Anna Leshinskaya

Program

AI Safety Science
Institution

UC Irvine
Location

USA

Dr. Leshinskaya is an Assistant Professor in the Department of Cognitive Sciences and a Fellow at the Center for Neurobiology of Learning & Memory at UC Irvine, as well as an affiliated researcher with the AI Objectives Institute. She directs the Relational Cognition laboratory. She earned a PhD in Cognitive Psychology from Harvard University in 2015. Her background and interests lie in human cognitive neuroscience and computational cognitive science, and is broadly interested in the computational principles that underlie the learning and representation of concepts and relations, and how these are supported by both artificial and natural neural networks.
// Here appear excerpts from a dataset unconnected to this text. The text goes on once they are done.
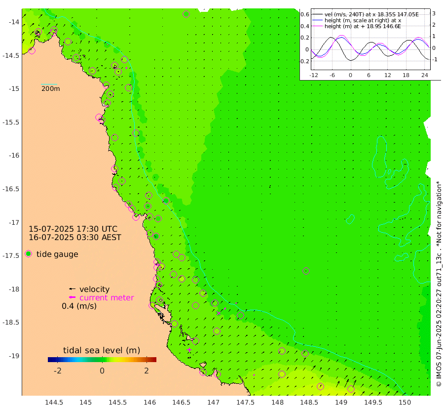 2cm/s -51T +11cm/s rms + 4cm/s -61T. GBRLSL 354m 11cm/s 23T +15cm/s rms + 2cm/s -84T. GBRLSH 32m 13cm/s 47T +15cm/s rms + 5cm/s -155T. GBRPPS 72m 6cm/s 44T +17cm/s rms + 13cm/s 115T. GBRMYR 223m 10cm/s 60T +18cm/s rms + 0cm/s -9T. NRSYON 29m 19cm Osprey Reef - West 32cm Stanley Island 25cm Pipon Islands 32cm Cape Melville 36cm Munro Reef 30cm Leggatt Island 33cm Normanby River 32cm Carter Reef 32cm Lizard Island (QLD) 33cm East Petherbridge Island 32cm North Direction Island 28cm Cape Flattery 25cm Ribbon Reef No.9 29cm Low Wooded Island 28cm Cape Bedford 14cm Endeavour River North 28cm Cooktown 23cm Cruiser Passage 30cm East Hope Island 39cm Bailay Creek 28cm Low Islets 27cm Port Douglas 24cm Palm Cove 24cm Yorkeys Knob 23cm Michaelmas Cay 14cm Euston Reef 28cm Cairns 18cm Green Island 23cm Fitzroy Island 22cm Sudbury Cay 23cm High Island 12cm Russell Island 23cm Peart Reef 23cm Nathan Reef 29cm Mourilyan Harbour 28cm Cowley Beach 41cm North Barnard Island 27cm Eddy Reef 39cm Beaver Reef 23cm Unnamed Reef No. 1 16cm Flinders Reef 28cm Clump Point 28cm Dunk Island 32cm Barnett Patches 29cm Goold Island 39cm Cardwell 23cm Britomart Reef 26cm Pith Reef 20cm Dip Reef 31cm Lucinda (Offshore) 34cm John Brewer Reef 28cm Albino Rock 35cm Shrimp Reef 23cm Jaguar Reef 31cm Townsville 30cm Cape Ferguson 48cm Stanley Reef 55cm Wallaby Reef 39cm Kennedy Reef
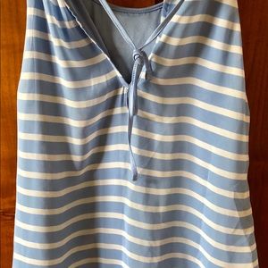 Light blue and white tank top with elastic waist band.
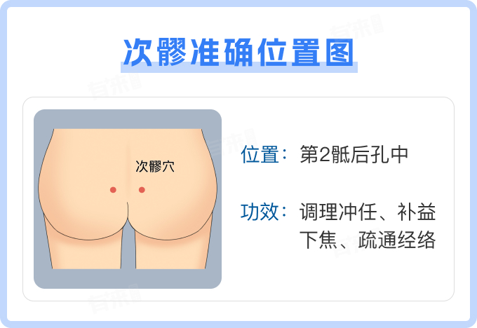 次髎在骶区,具有调理冲任、补益下焦、疏通经络等功效,可通过针刺、艾灸等方式刺激该穴位,以改善月经不调、小便不利、腰骶痛等不适症状。
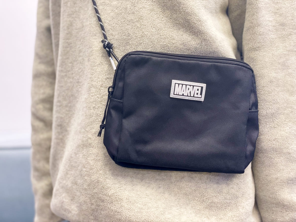 MARVELのワンポイントロゴがフロント面にレイアウトされた、D賞のサコッシュ。
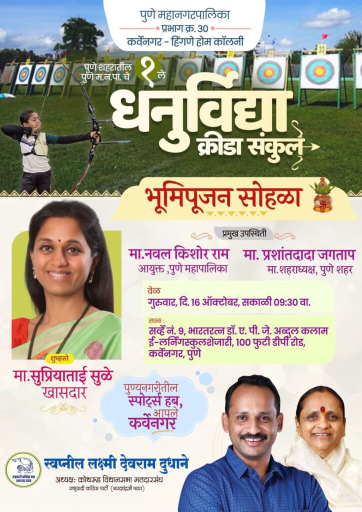 पुणे/ कोथरूड : कर्वेनगर प्रभागात सुरू होत असलेला पुणे महापालिकेच्या पहिल्या धनुर्विद्या क्रीडा संकुलचा भूमिपूजन सोहळा येत्या 16 ऑक्टोबर रोजी राष्ट्रवादी कॉँग्रेसच्या नेत्या, खासदार सुप्रिया सुळे यांच्या हस्ते पार पडणार आहे अशी माहिती कोथरुड विधानसभा अध्यक्ष स्वप्निल दुधाने यांनी प्रसिद्धी पत्रकाद्वारे दिली आहे.

On this project, she will be supported by Professor Seth Lazar (Philosophy, ANU), a pioneer of computational philosophy and the ethics of AI; Professor Alice Oh (Computing, KAIST), a leading NLP researcher with deep and broad experience in evaluating ethical dimensions of language models.

Leshinskaya’s project proposes a mechanistic cognitive evaluation framework to understand AI safety by analyzing the cognitive processes behind AI and human decision-making in moral scenarios, using an automated annotation tool and Bayesian program learning to create interpretable meta-models.